While it may be true that the only people who are truly interested in feminism in the West are for the most part university students and intellectuals, the demonstrative disinterest of Czechs in feminism should be a matter of concern for sociologists. Contemporary Western feminism emerged out of the student, civil rights, and New Left movements of the 1960s in Germany, France, and the United States. The theoreticians and activists of those movements -- including people like Martin Luther King, Regis Debray, Franz Fanon, and Herbert Marcuse -- played an important role in setting the stage for feminism. The current wave of feminism broke from these more general human rights movements when women, especially students, realized that their status was similar to that of a minority group and that they were also subjected to "oppression." Under the slogan "women's liberation," they started to formulate their demands for equality in the late 1960s.

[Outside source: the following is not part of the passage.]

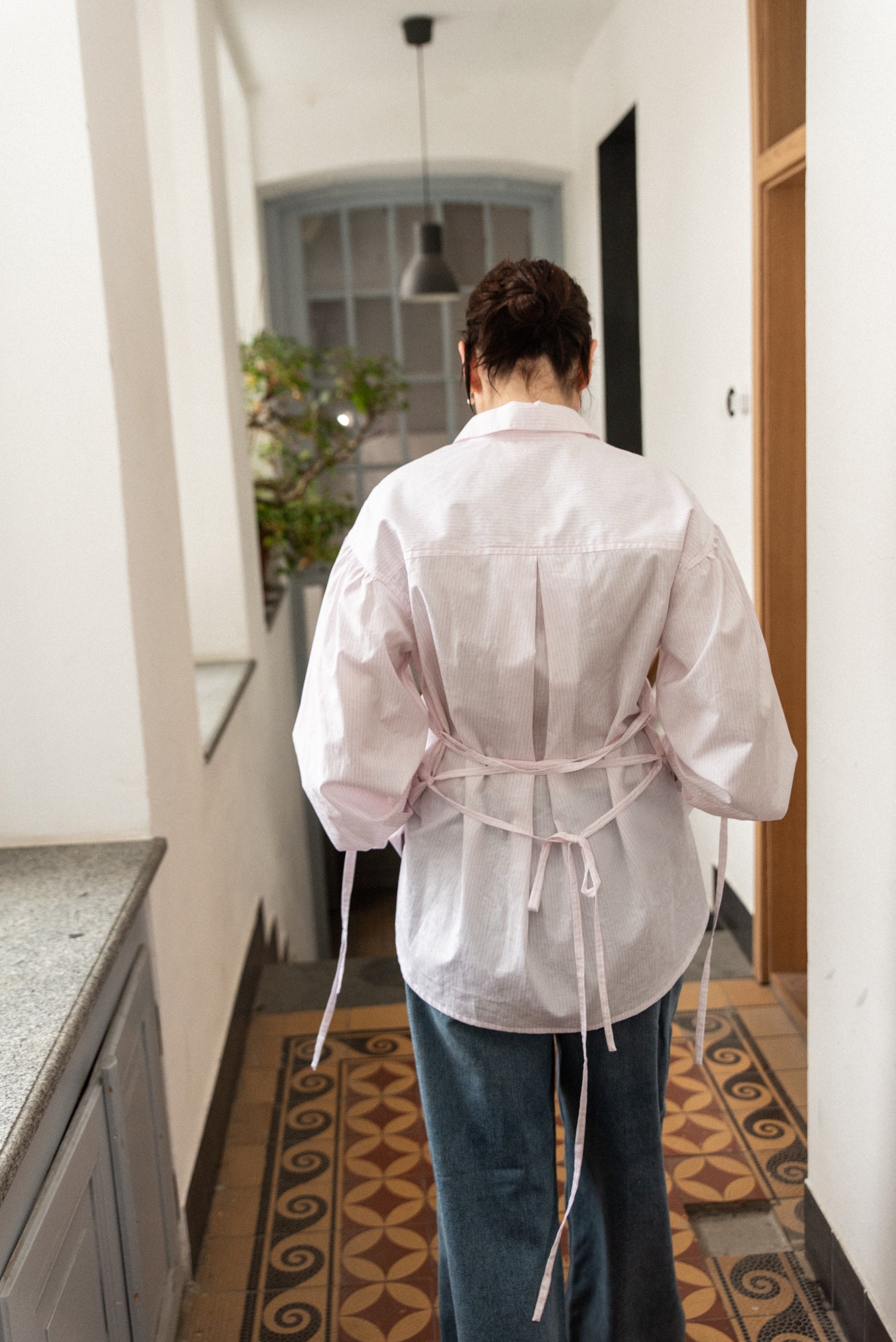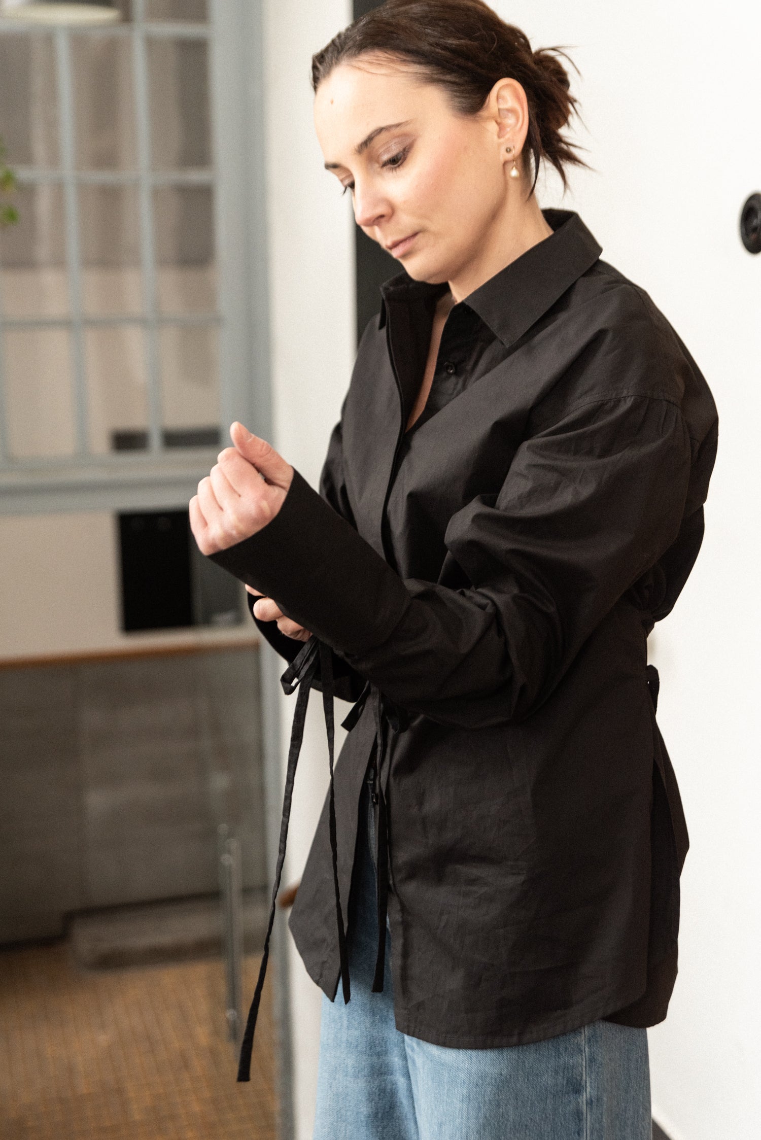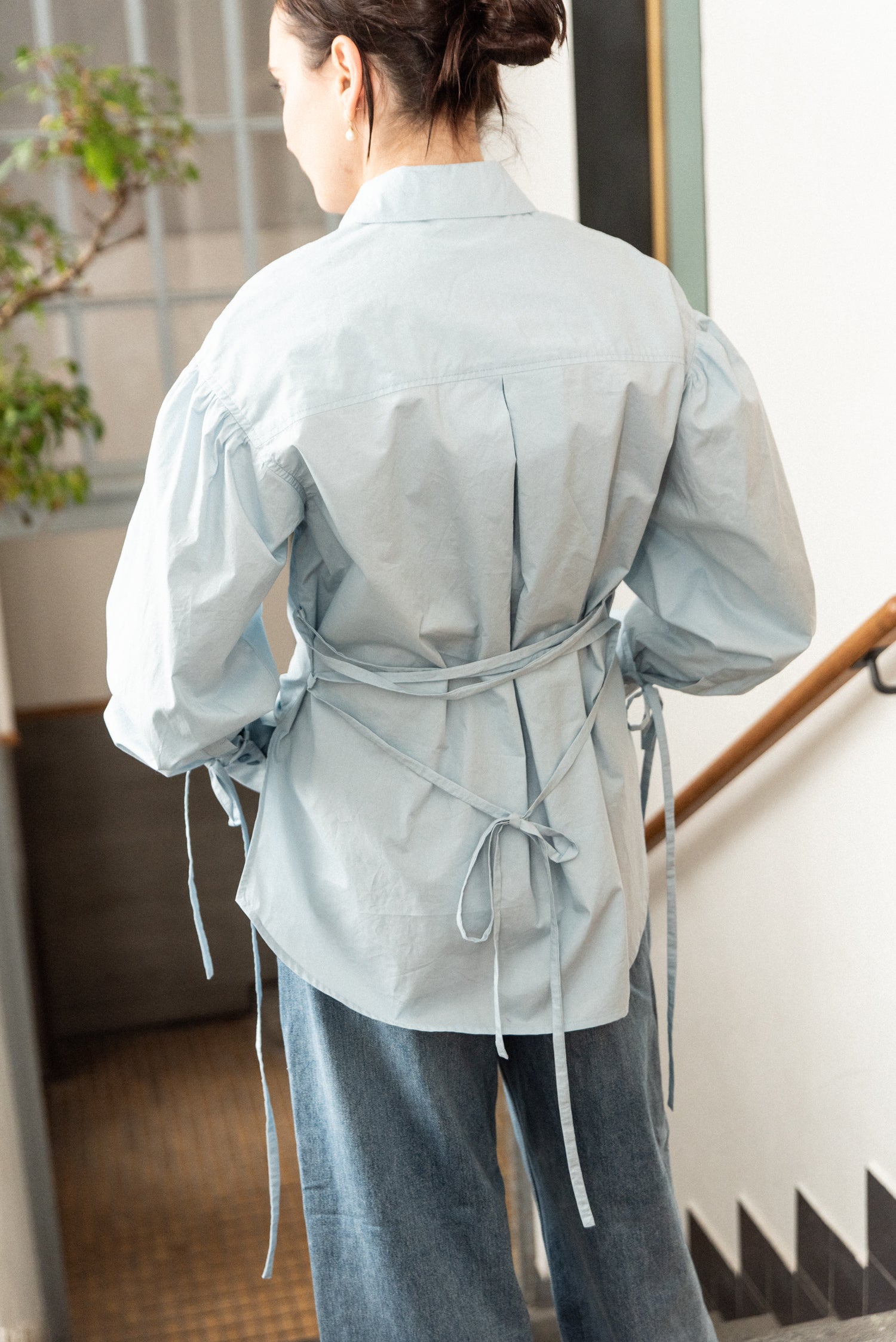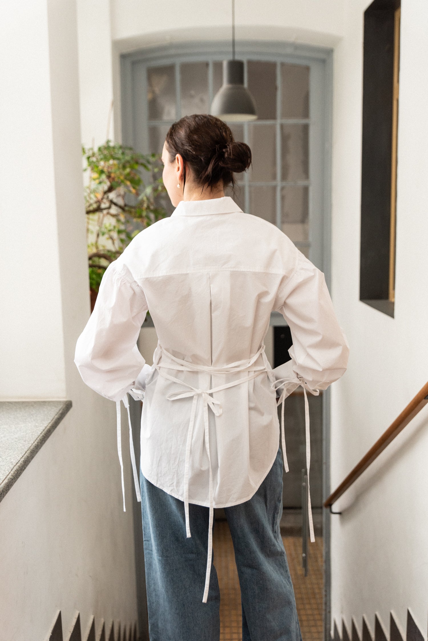Minimalistická oversize košile z jemného bavlněného popelínu. Volný střih se spadlým ramenem pro maximální pohodlí a ležérní vzhled. Dlouhé manžety na knoflíčky, šněrování na zádech pro snadné přizpůsobení postavě.

In the early days of the movement, they were very revolutionary and they used every means available of asserting themselves and their demands. But over the next decade, the feminist movement started to break part into different streams -- from the most radical groups, which asserted that women are the superior gender, to the most moderate, which emphasized the value of the specific role of women in society.
The important thing is that Western feminism emerged out of more general demands for human rights -- demands that were suppressed in the communist countries. The dissidents of Central and Eastern Europe, with their insistence that human rights be respected in their countries, succeeded in acting as spokesmen for people from across the region. But despite the fact that today's feminism emerged out of those same demands for human rights, it has yet to be accepted in the region as an integral element of democratization.
We should certainly not dismiss this fact as simply an interesting phenomenon. It is just as much the task of sociology to examine the reasons behind the absence of a phenomenon as it is to examine the existence of one. The case of feminism is particularly interesting because contemporary Western feminism, which is now in its third or fourth wave of development since its inception, came to this region literally out of nowhere after 1989.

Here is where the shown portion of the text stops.